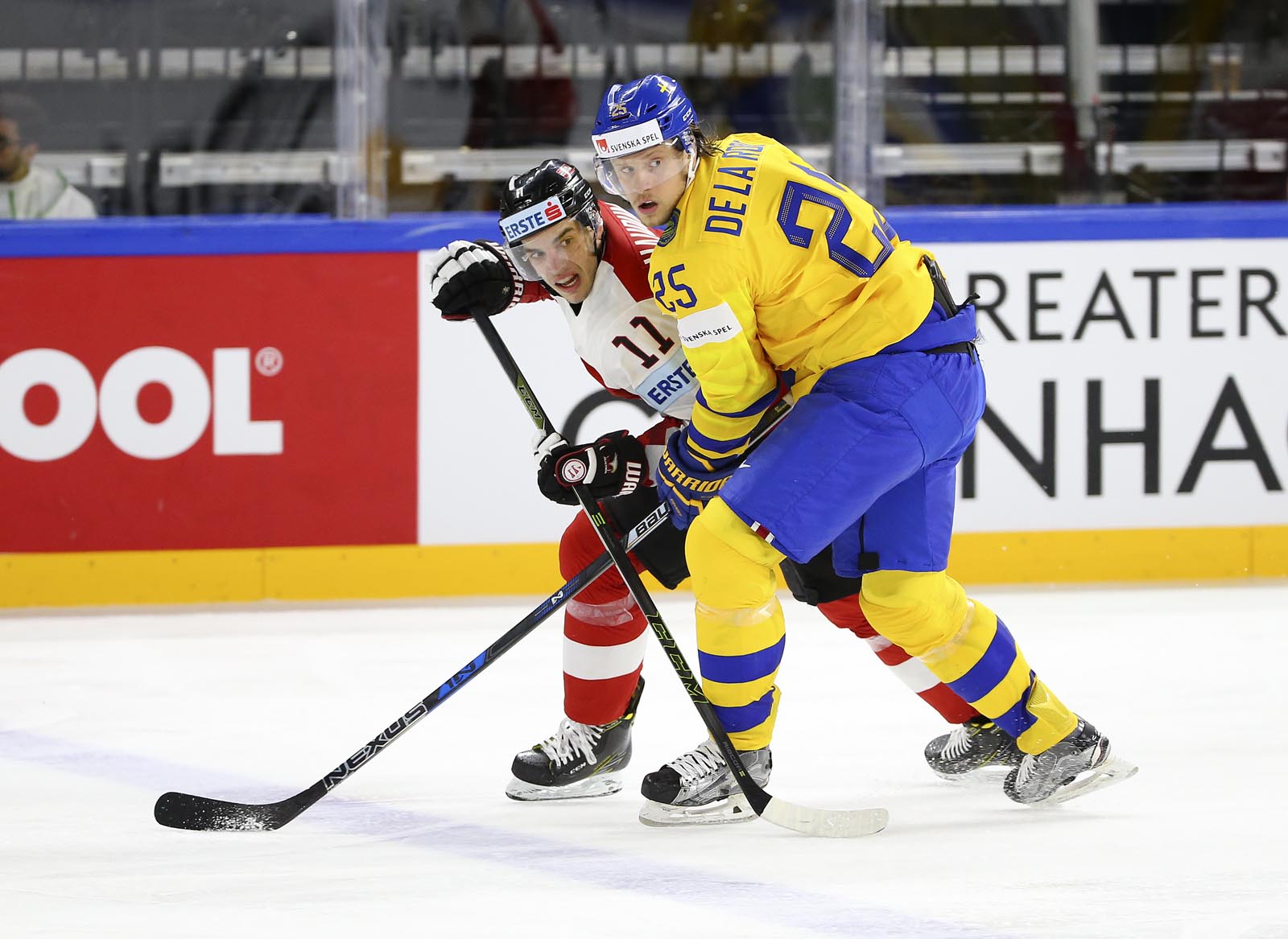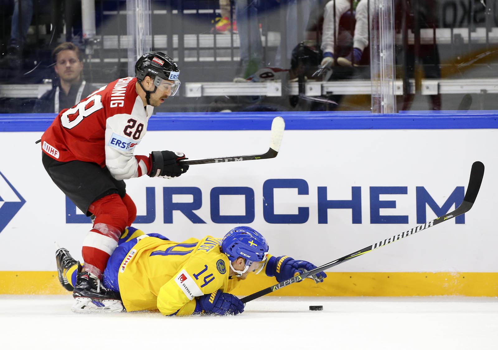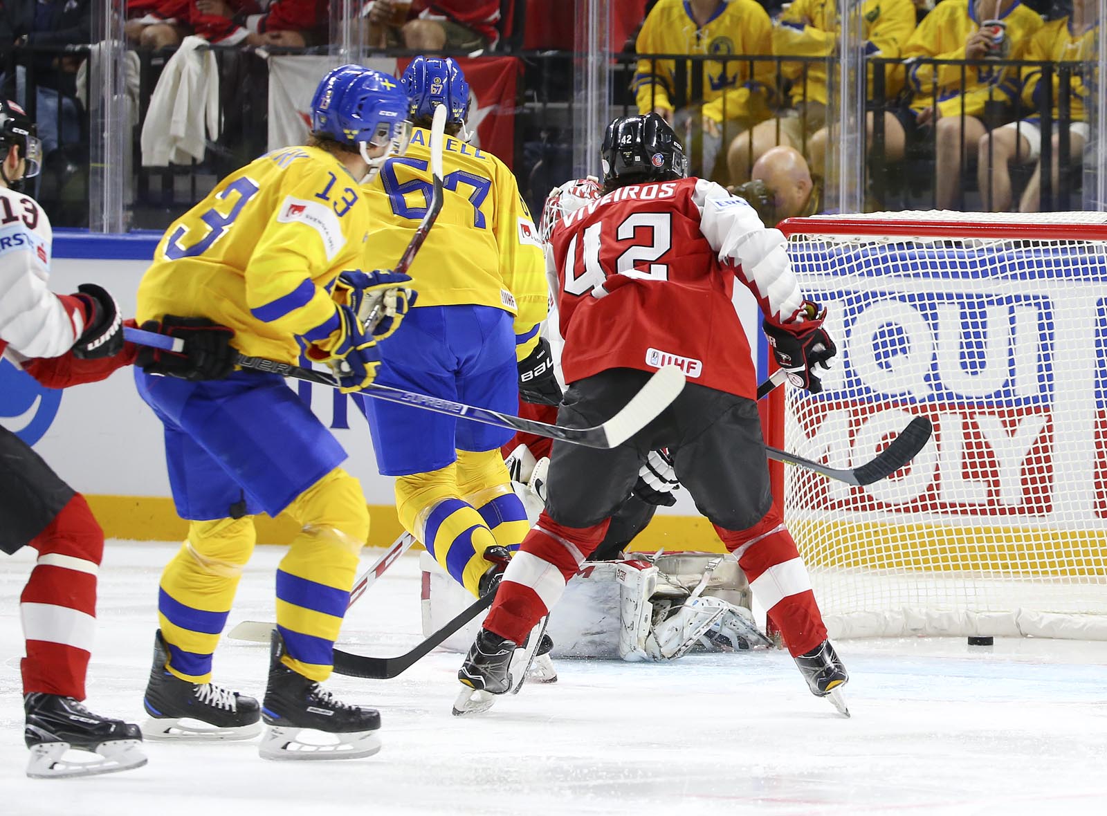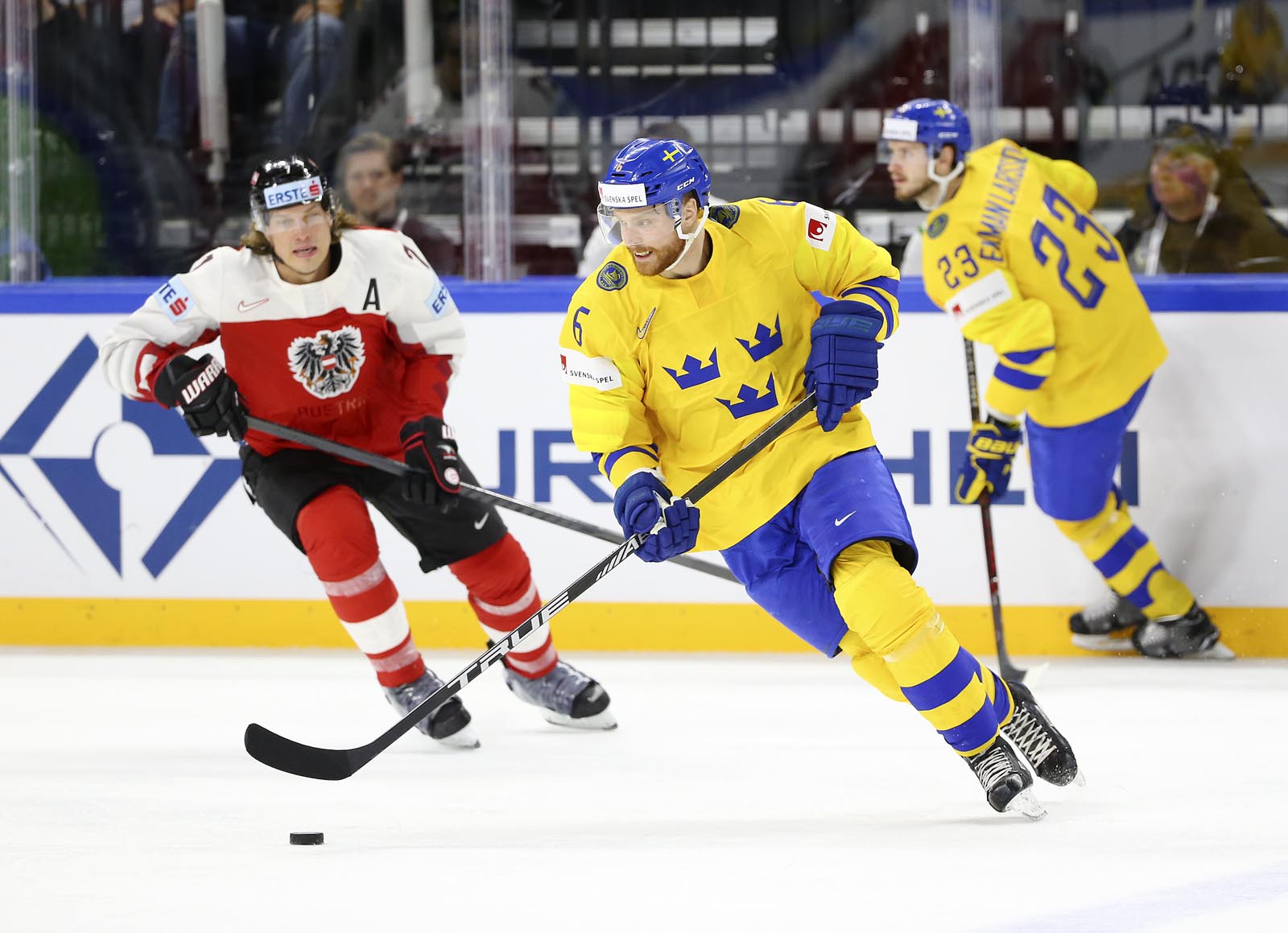 While Sweden looked good from start to finish, Austria’s problems at this level were apparent at both ends of the ice. The newly-promoted nation has found it tough among the elite and tonight it did not help itself by missing the chances that came its way. In the first period, Lukas Haudum got clear for a good look at Anders Nilsson’s net but his shot was well wide. In the second, Peter Schneider capitalised on a turnover on the red line to sprint through for a one-on-one rendezvous with the Swedish goalie. On arrival, though, he could only find Nilsson’s pads. Where Sweden was clinical, Austria was profligate.
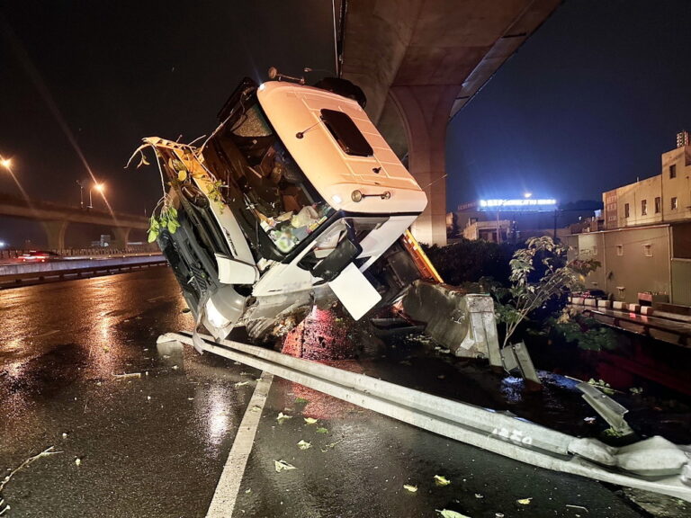 國道桃園南崁匝道聯結車自撞護欄 後方車斗…
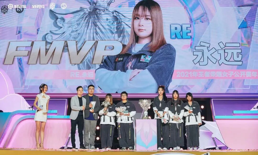 在经历了北京、武汉、上海、成都四站分站赛,以及年度决赛后, RE-Girls在12月11日击败了强劲的对手FIRE,最终捧起了2021年王者荣耀女子公开赛年度总冠军的奖杯,RE-Girls对抗路选手周增(ID:永远)也斩获了女子公开赛的首个FMVP。
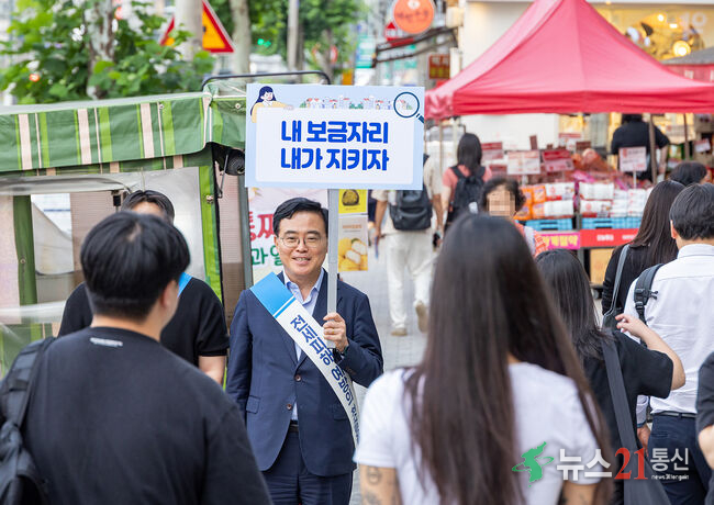 사진=강서구, 진교훈 구청장이 2025년 6월 까치산역 일대에서 열린 ‘전세사기 피해 예방을 위한 길거리 캠페인’에 참여해 주민들에게 피해 예방의 중요성을 안내하고 있다.

== TO DO ==
A faithful copy of the data is required: each word kept, each picture omitted.

== RESPONSE AREA ==
 While Sweden looked good from start to finish, Austria’s problems at this level were apparent at both ends of the ice. The newly-promoted nation has found it tough among the elite and tonight it did not help itself by missing the chances that came its way. In the first period, Lukas Haudum got clear for a good look at Anders Nilsson’s net but his shot was well wide. In the second, Peter Schneider capitalised on a turnover on the red line to sprint through for a one-on-one rendezvous with the Swedish goalie. On arrival, though, he could only find Nilsson’s pads. Where Sweden was clinical, Austria was profligate.
 國道桃園南崁匝道聯結車自撞護欄 後方車斗…
 在经历了北京、武汉、上海、成都四站分站赛,以及年度决赛后, RE-Girls在12月11日击败了强劲的对手FIRE,最终捧起了2021年王者荣耀女子公开赛年度总冠军的奖杯,RE-Girls对抗路选手周增(ID:永远)也斩获了女子公开赛的首个FMVP。
 사진=강서구, 진교훈 구청장이 2025년 6월 까치산역 일대에서 열린 ‘전세사기 피해 예방을 위한 길거리 캠페인’에 참여해 주민들에게 피해 예방의 중요성을 안내하고 있다.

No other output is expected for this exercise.